- Opening Delimiter -

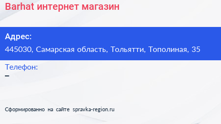 Barhat, интернет-магазин по адресу 445030, Самарская область, Тольятти, Тополиная, 35 в дальнейшем Организация, размещена в следующих категориях:
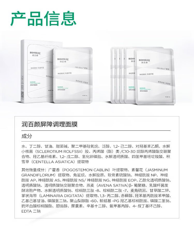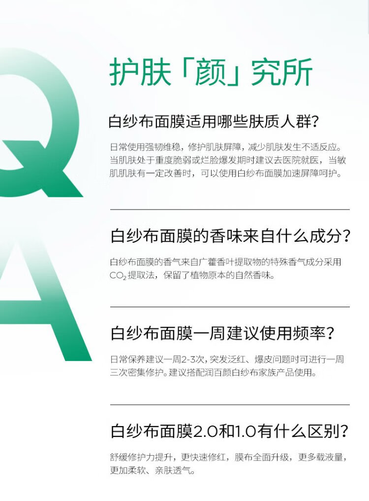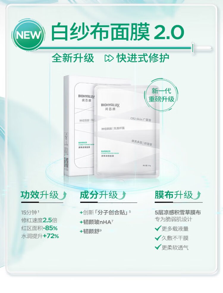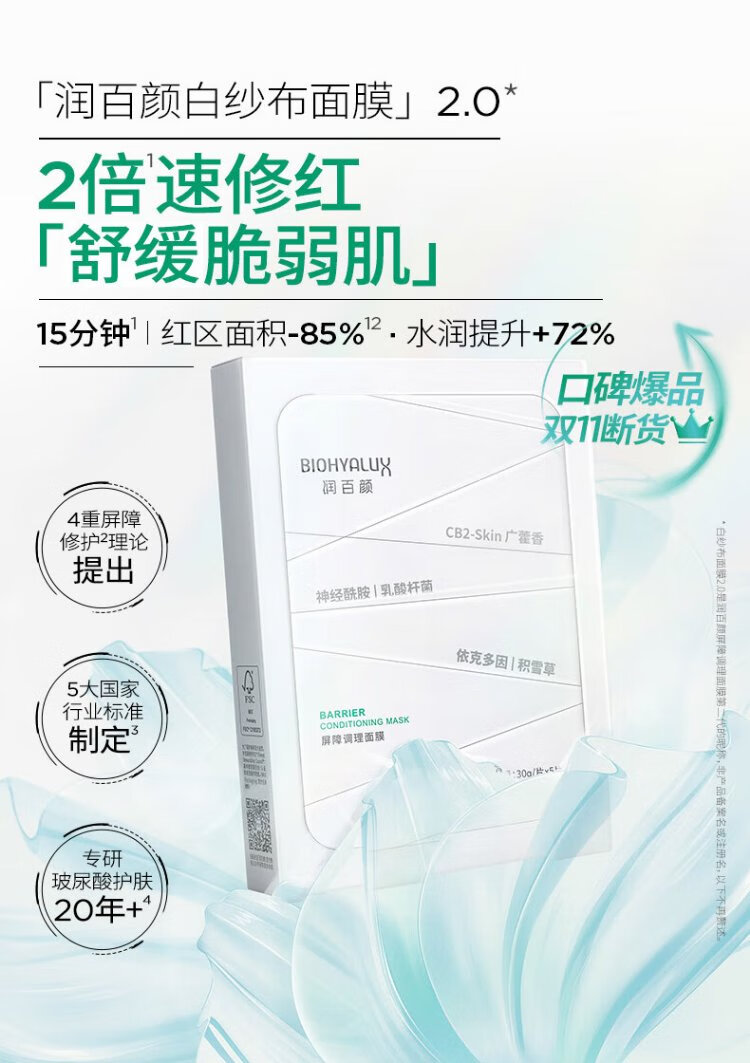 Runbaiyan Huaxi Biological Barrier Conditioning White Gauze 2.0 Mask 20 pieces, hydrating, soothing, after-sun repair, gift for men and women
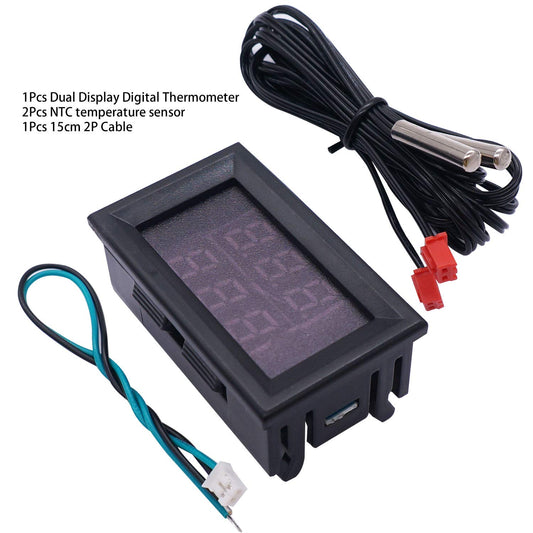 weideer Dual Display Fahrenheit Thermometer DC 4-28V -67~+248℉ with Dual LED Display 2 Waterproof NTC Probes High Accuracy Temperature Gauge Sensor K-017
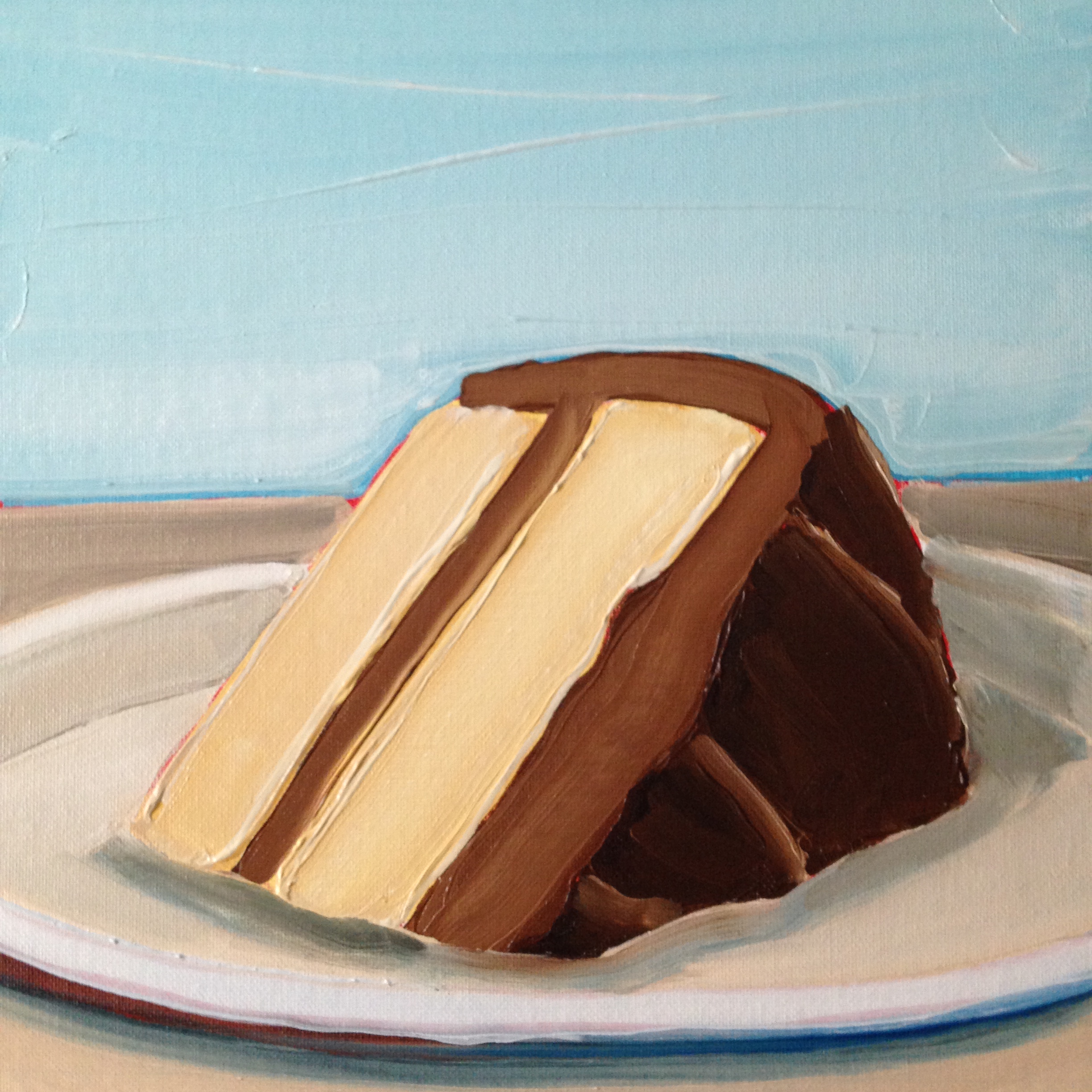 Thank you for the compliment, I very much like several of your poems. When it came to me painting this “miracle” theme trio, I specifically drew inspiration from Mr. Thiebaud when doing the cake slices. I don’t know of an artist who paints cake and pies better then him. So if you’re going to appropriate a style from someone, get it from the best.

- Closing Delimiter -

Goal of the exercise: Give exactly the lines above that run from the line with "Runbaiyan Huaxi Biological" to the line with "weideer Dual Display", both included, leaving every picture out.

Task solution:
 Runbaiyan Huaxi Biological Barrier Conditioning White Gauze 2.0 Mask 20 pieces, hydrating, soothing, after-sun repair, gift for men and women
 weideer Dual Display Fahrenheit Thermometer DC 4-28V -67~+248℉ with Dual LED Display 2 Waterproof NTC Probes High Accuracy Temperature Gauge Sensor K-017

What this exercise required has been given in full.